*** COLLECTED MATERIAL Section Begins ***

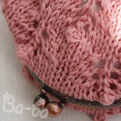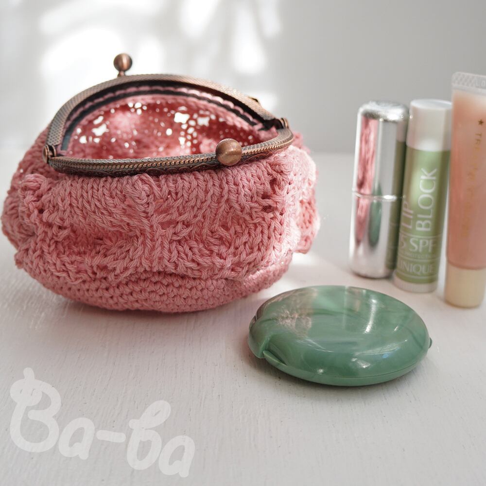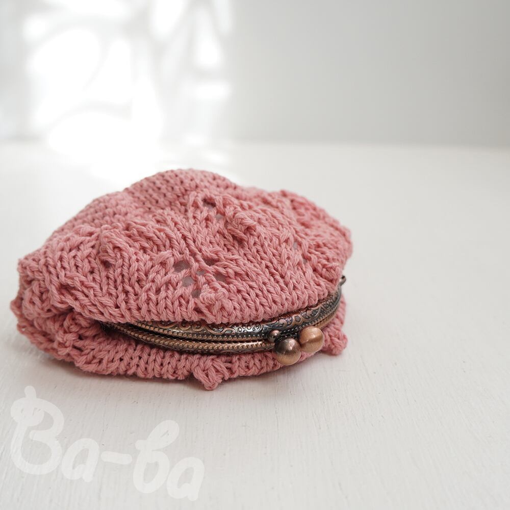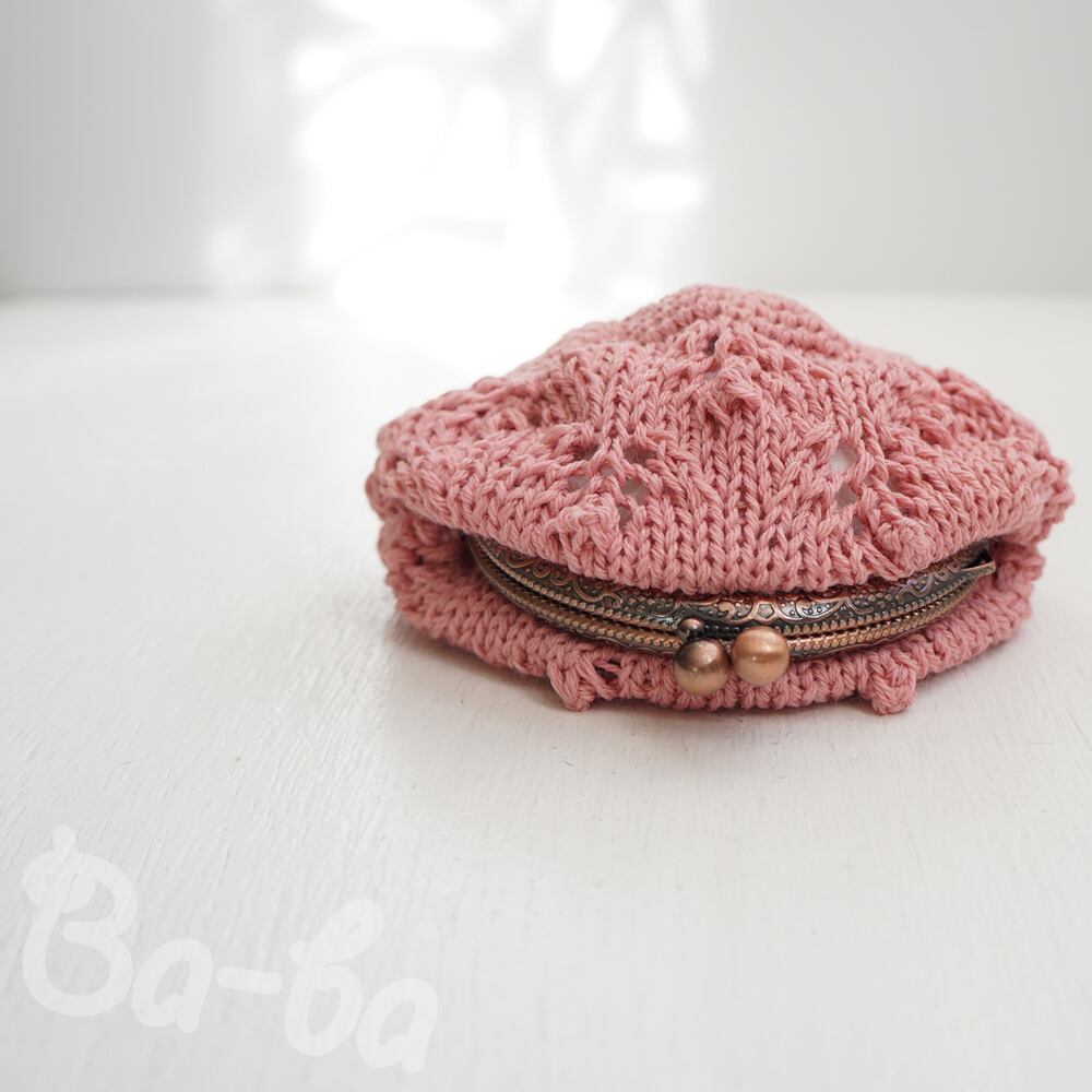 くすみピンク色サマーヤーンの編み地にブロンズ色の口金を合わせました。
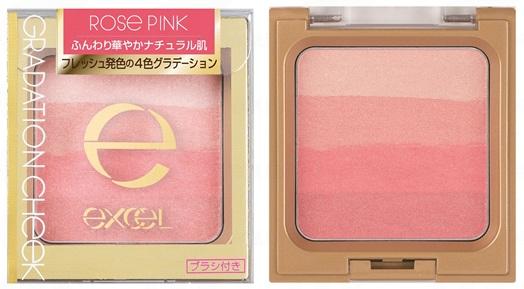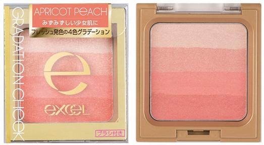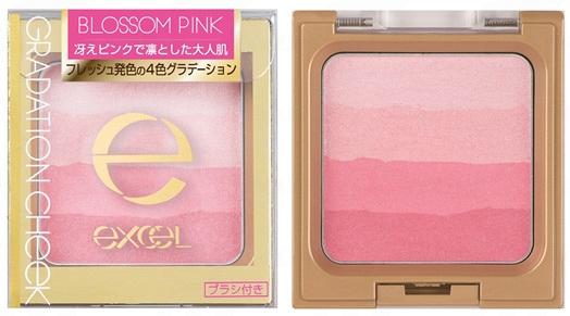 excel 漸層塑型胭脂每盒俱備四色層次,五款組合,可配合不同服飾,打造柔和、清新、成熟、活潑、或時尚等不同造型。配方為亞洲女性肌膚而設,加入了白金亮光粒子,能加強折射效果,雙頰宛若自然泛紅、晶瑩剔透。胭脂上段2個淺色部份更可作光影粉使用,締造立體輪廓。
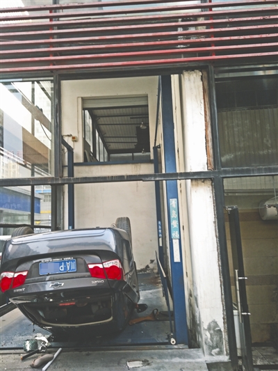 人車都“受傷”后,車商方面并未就此事與林朝陽(yáng)進(jìn)行協(xié)商。4月19日上午,林朝陽(yáng)與成都商報(bào)-紅星新聞?dòng)浾咭黄饋?lái)到成都建國(guó)汽車紅牌路二手車門店。記者在現(xiàn)場(chǎng)發(fā)現(xiàn),升降梯入口的門處于成都建國(guó)汽車紅牌樓綜合展廳的一個(gè)邊角處,離一樓地面高度約6米。該展廳一樓銷售各種品牌的新車,二樓銷售二手車,從二樓將車開(kāi)到一樓,這臺(tái)升降梯是唯一的通道,每輛出展廳的車都需在展廳一端左拐進(jìn)入升降梯。升降梯未升起時(shí),門外面實(shí)為斷頭路。
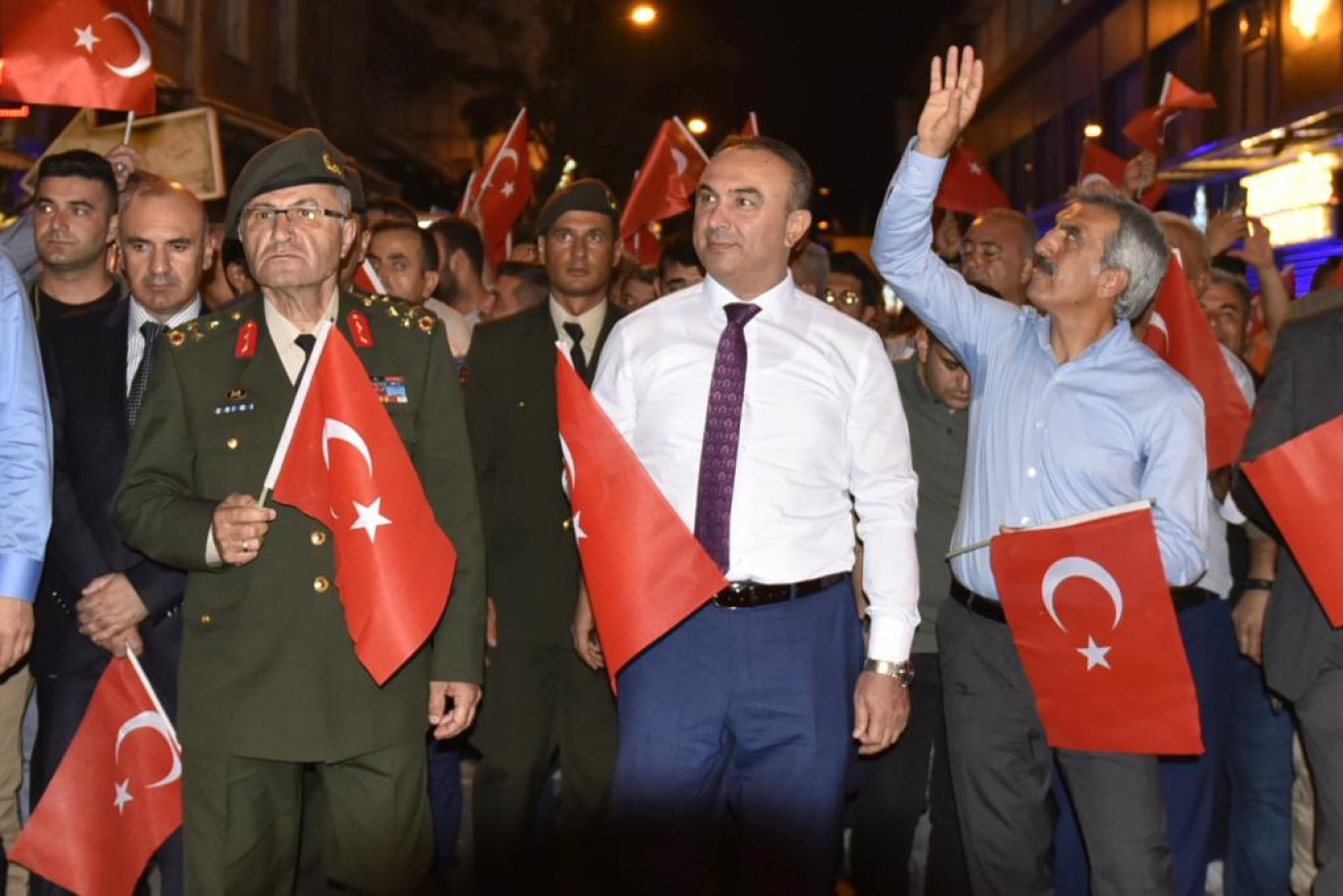 binlerce vatandaşın katıldığı kortej yürüyüşü mehter takımı eşliğinde yapıldı.

*** COLLECTED MATERIAL Section Ends ***

PROBLEM DESCRIPTION: Where the data contains an image, skip the image and copy everything else exactly as it appears.

TASK SOLUTION:
 くすみピンク色サマーヤーンの編み地にブロンズ色の口金を合わせました。
 excel 漸層塑型胭脂每盒俱備四色層次,五款組合,可配合不同服飾,打造柔和、清新、成熟、活潑、或時尚等不同造型。配方為亞洲女性肌膚而設,加入了白金亮光粒子,能加強折射效果,雙頰宛若自然泛紅、晶瑩剔透。胭脂上段2個淺色部份更可作光影粉使用,締造立體輪廓。
 人車都“受傷”后,車商方面并未就此事與林朝陽(yáng)進(jìn)行協(xié)商。4月19日上午,林朝陽(yáng)與成都商報(bào)-紅星新聞?dòng)浾咭黄饋?lái)到成都建國(guó)汽車紅牌路二手車門店。記者在現(xiàn)場(chǎng)發(fā)現(xiàn),升降梯入口的門處于成都建國(guó)汽車紅牌樓綜合展廳的一個(gè)邊角處,離一樓地面高度約6米。該展廳一樓銷售各種品牌的新車,二樓銷售二手車,從二樓將車開(kāi)到一樓,這臺(tái)升降梯是唯一的通道,每輛出展廳的車都需在展廳一端左拐進(jìn)入升降梯。升降梯未升起時(shí),門外面實(shí)為斷頭路。
 binlerce vatandaşın katıldığı kortej yürüyüşü mehter takımı eşliğinde yapıldı.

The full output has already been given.